As All Blacks coach Ian Foster said: “You can talk about pressure and about being strangled. We spoke a lot about the way the South Africans would play against us. It’s one thing to dismiss it as boring, which a lot of people do, but I used the words ‘ruthless’ and ‘clinical’ and they’re very good at it.
“Isn’t it good to learn that lesson and have a win next to your name? We’re really excited by not folding. We didn’t get too flustered, we kept playing. I’m overall happy and can’t wait for next week now.
The halo is slipping certainly and this derision about the way the Boks play is driven only partly by wider fears it is killing interest in the sport. The bigger driver is that as number one in the world, everyone now wants to knock them off their perch.

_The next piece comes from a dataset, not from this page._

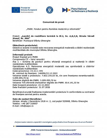 Comunicat de presă: Anunţ finalizare proiect „Lucrări de reabilitare termică la Bl.2, Sc. A,B,C,D, Strada Váradi József, Nr. 90A”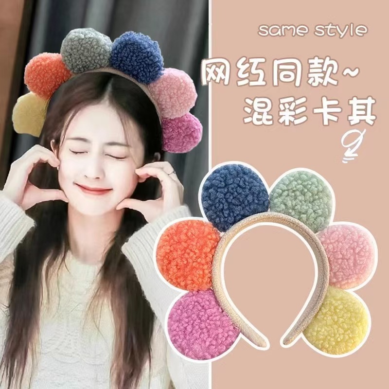 韓国版新型洗顔カラー毛玉太陽花カチューシャひまわり洗顔カチューシャ可愛い化粧髪飾りカチューシャ

This is a time-honoured trait in all sport – the champion side instantly becomes one everyone else targets and derides. And South Africa are being reminded that staying at number one comes with entirely different pressures to trying to get there.
It took them 20-plus tests to get there and just eight to be knocked off. Being the best comes with heightened expectations. There is nowhere to hide – no foundation to play the underdog card and deflect the pressure.
It’s a tough, tough place to be and many teams get there and find they don’t like it. They discover that they are happiest aspiring to be the best, but don’t like what they find when they get there.
Recent history suggests the Boks are by no means the only team that doesn’t enjoy being the favourites. Ireland had one of their best years in 2018, winning a Six Nations Grand Slam, a series in Australia and then a clean sweep of their Autumn tests.
One of those victories that November was against the All Blacks, who at the time were world number one and knew that even should they lose in Dublin, they would still be number one in the rankings.
Aware that the World Cup was less than a year away, All Blacks coach Hansen made a calculated gamble before that game to say that no matter what the rankings actually said, the team that won would be considered the favourites in Japan.
“It’s one and two so whoever wins it will be the best side in the world regardless of rankings – that’s the mental state that people will take out of it so it’ll be a goody,” Hansen said.
The All Blacks live in a constant world of expectation and whether they are the number one team in the world or number four, they are still expected to win.
“We don’t have to talk about it, there’s enough experience in the group to know they don’t get any bigger. You don’t get to play one and two that often when they’re in separate hemispheres so when they do come about they become pretty big games. There’s a fierce rivalry there.”
Hansen knew that the last thing Ireland wanted in World Cup year was expectation heaped upon them. They are a country, much like their Celtic brothers, happy only as the hunter never as the hunted and they duly fell apart in 2019.
What Hansen also knew is that the All Blacks live in a constant world of expectation and whether they are the number one team in the world or number four, they are still expected to win.
Probably, the All Blacks are the only team in the world that is comfortable being the one everyone wants to beat: of going into every game as the favourites.
They are not afraid of the pressure that comes with success – something the Boks can’t yet say.
A good read. The short version is the Boks were a very good team reimagined as a great team. Entered the world cup ranked 4th, lost by 10 to the ABs, snuck past Wales in an extremely tight semi and fabulously smashed an England side that had played their final the week before in the final. One top shelf performance doth not a dynasty make. They showed themselves to be a top 3-ish in the world side then, and they are a top 3-ish side now. They're also getting a bit old. The Romanticising of the Boks is a spot on way to frame how they've been bigged up. NZ are better and will probably win again this week, but the gap isn't big and the Boks make take it (taking the #1 ranking back in the process).